記事やランディングページで利用する画像に日本語文字を含めたければ、「文字がないバージョンの画像を生成AIで作成」した後に「画像編集ソフトで文字を入れ直す」という手順が必要でした。

しかし、Gemini3と同時に公開されたNano Banana Proであればかなりの精度で日本語を画像に埋め込むことができるようになっています。

上の画像は、ある企業のカスタマージャーニーマップをNano Banana Proで作成したものです。パワーポイントで作成したかのような画像を瞬時にNano Banana Proできれいに作成することができています。

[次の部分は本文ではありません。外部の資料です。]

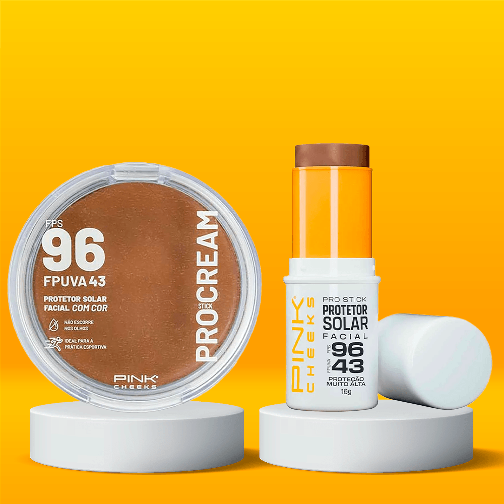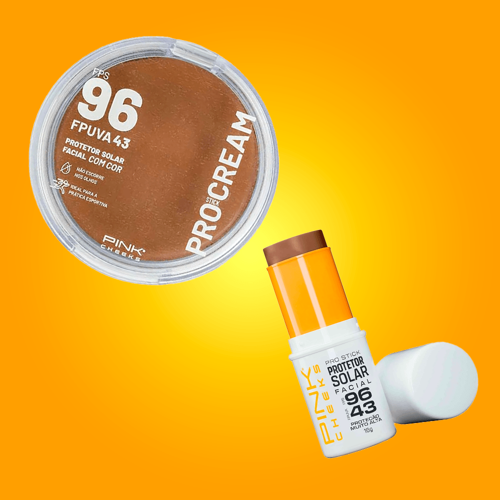 Kit Protetor Solar Pink Cheeks - Pro Stick Pro40 Multifuncional com Cor + Pro Cream FPS96 para Pele Preta Clara

また、下の例は、ホワイトペーパーダウンロードのサムネイル画像です。一行程度のプロンプトで即興で作ったものなのでそのクオリティはもっと上げられると思いますが、数秒で作ったものとしては十分実用可能な品質になってきていると思います。

今後、ブログ記事やランディングページ等に使う「テキスト入りの画像」を生成AIで作成することがどんどん進んでいくのではないでしょうか。

Webデザインからアプリ開発まで

最後に、Geminiを利用したWebデザインやアプリ開発の進化についてです。生成AIを利用したコーディング・システム開発については既に多くの生成AIでかなり実装に使われていると思います。

今回は、WebデザインやHTMLコーディングにGeminiを利用していく可能性について触れます。Webサイト開発においてデザインモックアップにAIを利用することが徐々に浸透しています。どのAIを利用しても最低限のWebデザインを行うことは可能ですが、GeminiはNano Banana Proでも実証されるデザイン性の高さにも注目が集まるかもしれません。

下のWebページは、Gemini3を利用して、ある架空のテクノロジー企業のトップページを作成したものです。数行のプロンプトとデザインの方向性を指示するだけで、30秒程度でこのようなモックアップWebページをつくることができます。もちろん、画像としてではなく、HTMLコードとCSS、JavaScriptとしてエクスポートし、実際にWebサイトとしてブラウザで検証することも可能です。

数行のプロンプトでここまでのクオリティをだせるのであれば、きちんとした要件を文書にしてインプットすれば実際に運用可能なWebページも生成AIだけで十分作れそうです。

Google Cloudなどとの連携をうまく行えば、Webページのホスティングや更新作業もGeminiを利用して行えるようになるかもしれません。

以上、Gemini3とNano Banana Proに関して、マーケティング業務にどの程度利用できるのか、という視点でまとめてみました。

2025年は生成AIが凄まじく進化した年ですが、多くの話題と先進機能はOpenAIのChatGPTが占めていたと思います。そのような中で、GoogleのGeminiは、実はマーケティング業務のAI化という文脈では非常に魅力的な生成AIであると思います。今後、OpalやGoogle Workspaceとの連携に着目していきたいと思います。